Yes from me as well. Making a ticket for this was on my todo list I never got around to. I can’t personally think of any examples I’ve added that had both Hangul and Hanja.

reosarevok · March 18, 2024, 3:40pm

In the script documentation I linked above But it is except for transliterations probably because that’s the only time they really use only or mostly Katakana?

jesus2099 · March 19, 2024, 1:02pm

I searched and edited some release scripts.
(Japanese, sorry off topic)

ms0010 · March 20, 2024, 9:59am

Regarding the Japanese language, what is the purpose of the “katakana,” “hiragana,” and “syllabaries” categories?

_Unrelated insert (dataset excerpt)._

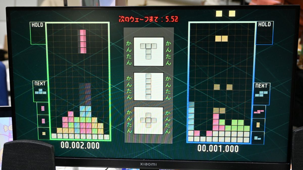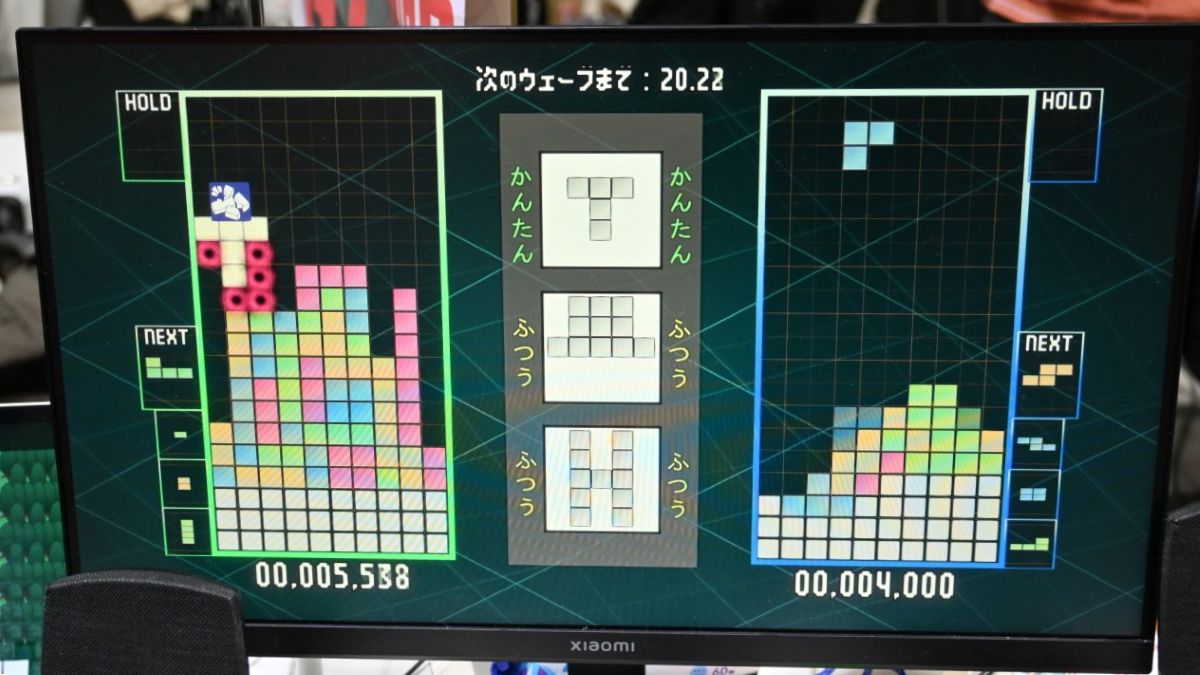 登場するブロックは当初は4パターンほどだったところ、来場者のプレイの様子を見て「もっとバリエーションがあった方が面白いのでは」と、ブース内でのリアルタイムアップデートも実施 。最終的には僅か1ブロックだけの使いやすいものから、もはやまったく繋がっていないものまで、バリエーション豊かすぎるブロックが降り注いでいました。

As a Japanese person, subdividing the Japanese into these categories don’t think it makes sense, but is it useful for non-native speakers? (Perhaps native Korean speakers also feel that there is no point in creating a separate “Hangul”).

If it is meant to be used for transliteration, I can understand why it is used to distinguish between the Japanese translation of the original English title and the katakana reading of the original English title.

Example:
Original Latin Title: Ticket to Ride (by the Beatles)
Katakana: チケット・トゥ・ライド
Japanese: 涙の乗車券
Hiragana: なみだのじょうしゃけん

jesus2099 · March 20, 2024, 2:18pm

Mmmh no you’re completely right, IMO.
I don’t think anyone cares, either.
Good point, thank you!!

We can still handle only Japanese script:

Title	Language	Script
Ticket to Ride	English	Latin
チケット・トゥ・ライド	English	Japanese
涙の乗車券	Japanese	Japanese
なみだのじょうしゃけん	Japanese	Japanese
NAMIDANO JŌSHAKEN	Japanese	Latin

Indeed we have two identical
Japanese/Japanese rows, if we are dropping syllabaries.

But what would be the point of a pseudo-release Japanese transcription in hiragana, anyway?

Do we have any?

So if we extend that to Korean, is it really that useful to have both Korean (Hangeul plus Hanja) and Hangeul ?

ms0010 · March 21, 2024, 9:52am

There would be no necessity to register only in hiragana. The previous example was just a possible case to justify the existence of those “subcategories”. And reading guides such as furigana and ruby should be handled by Alias.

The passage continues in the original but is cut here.